Looks like the urban areas are much more likely to have Null values for this question. Also we dont have a lot of urban areas in any of these Woreda's. Perhaps this survey was mostly for rural areas, though for Woreda #1 we have almost 50/50 urban rural, perhaps heatlh posts are generally only in rural areas and instead of selecting NO they skipped question. 

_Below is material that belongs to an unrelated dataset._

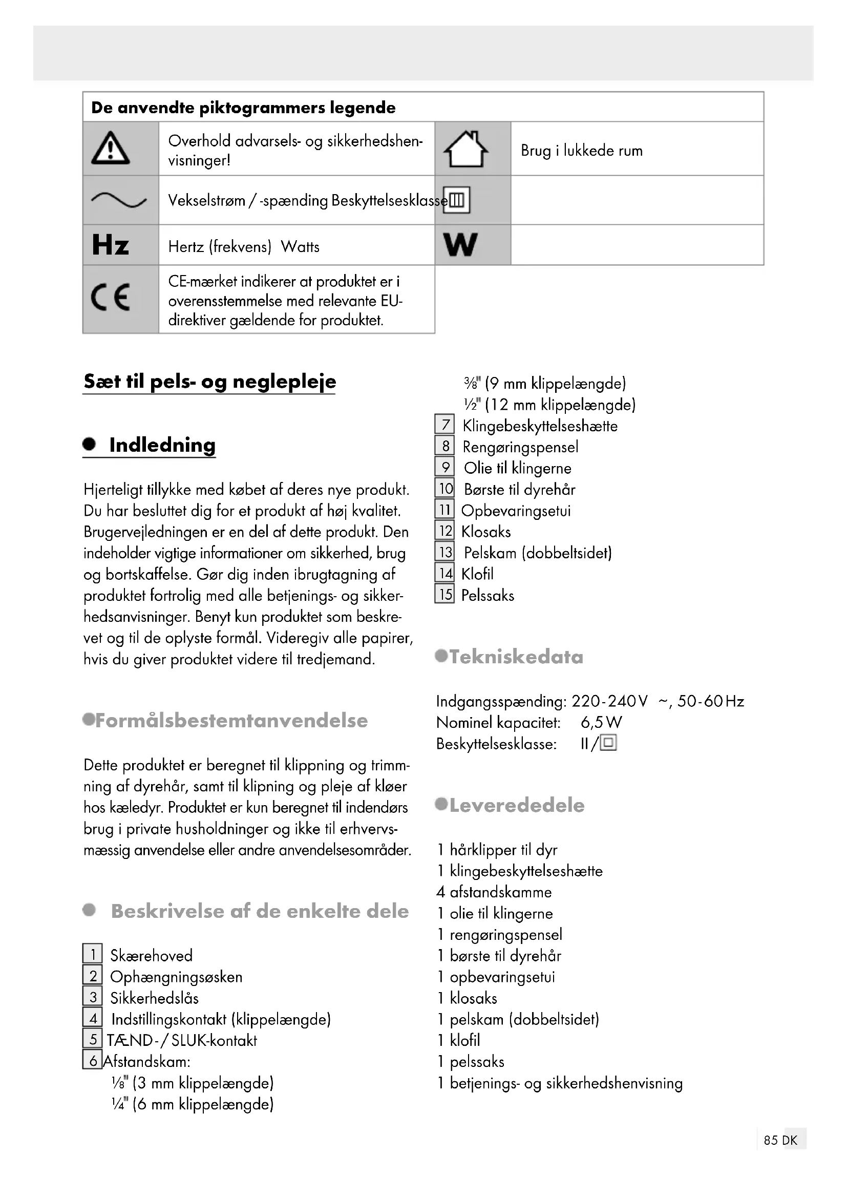 , 50 - 60 Hz Nominel kapacitet: 6,5 W Beskyttelsesklasse: II / Leverede dele 1 hårklipper til dyr 1 klingebeskyttelseshætte 4 afstandskamme 1 olie til klingerne 1 rengøringspensel 1 børste til dyrehår 1 opbevaringsetui 1 klosaks 1 pelskam (dobbeltsidet) 1 klofil 1 pelssaks 1 betjenings- og sikkerhedshenvisning86 DK Sikkerhedshen- visninger

Lets compare to the Hospital/Health Center question

In [102]:
selected_col2 = '34. Is there a hospital/health center/clinic in this community?'

In [103]:
data[selected_col2].value_counts(dropna=False)

1. YES    294
2. NO     233
Name: 34. Is there a hospital/health center/clinic in this community?, dtype: int64

In [111]:
dummies = pd.get_dummies(data[selected_col2],
                    dummy_na=True, prefix='h')
tmp= pd.concat(
    [   data,
        dummies
    ], axis=1)

tmp.pivot_table(index='Woreda Code', columns='Rural/Urban', values=dummies.columns,\
                aggfunc='sum')

Unnamed: 0_level_0,h_1. YES,h_1. YES,h_2. NO,h_2. NO,h_nan,h_nan
Rural/Urban,1. RURAL,2. URBAN,1. RURAL,2. URBAN,1. RURAL,2. URBAN
Woreda Code,Unnamed: 1_level_2,Unnamed: 2_level_2,Unnamed: 3_level_2,Unnamed: 4_level_2,Unnamed: 5_level_2,Unnamed: 6_level_2
1,18.0,54.0,51.0,6.0,0.0,0.0
2,9.0,14.0,28.0,4.0,0.0,0.0
3,14.0,17.0,24.0,2.0,0.0,0.0
4,3.0,17.0,15.0,5.0,0.0,0.0
5,6.0,25.0,13.0,4.0,0.0,0.0
6,8.0,26.0,13.0,1.0,0.0,0.0
7,1.0,11.0,12.0,5.0,0.0,0.0
8,1.0,12.0,5.0,4.0,0.0,0.0
9,2.0,8.0,6.0,6.0,0.0,0.0
10,2.0,7.0,7.0,2.0,0.0,0.0


Wow, no nulls here at all - and looks like Hospitals and Health Centers are much more common in the Urban areas. This makes a lot of sense but at least we are getting a sense of this data set. Now this file doesn't have a ton of observations which make making a lot of deep insights challenging but there is definitely more to explore.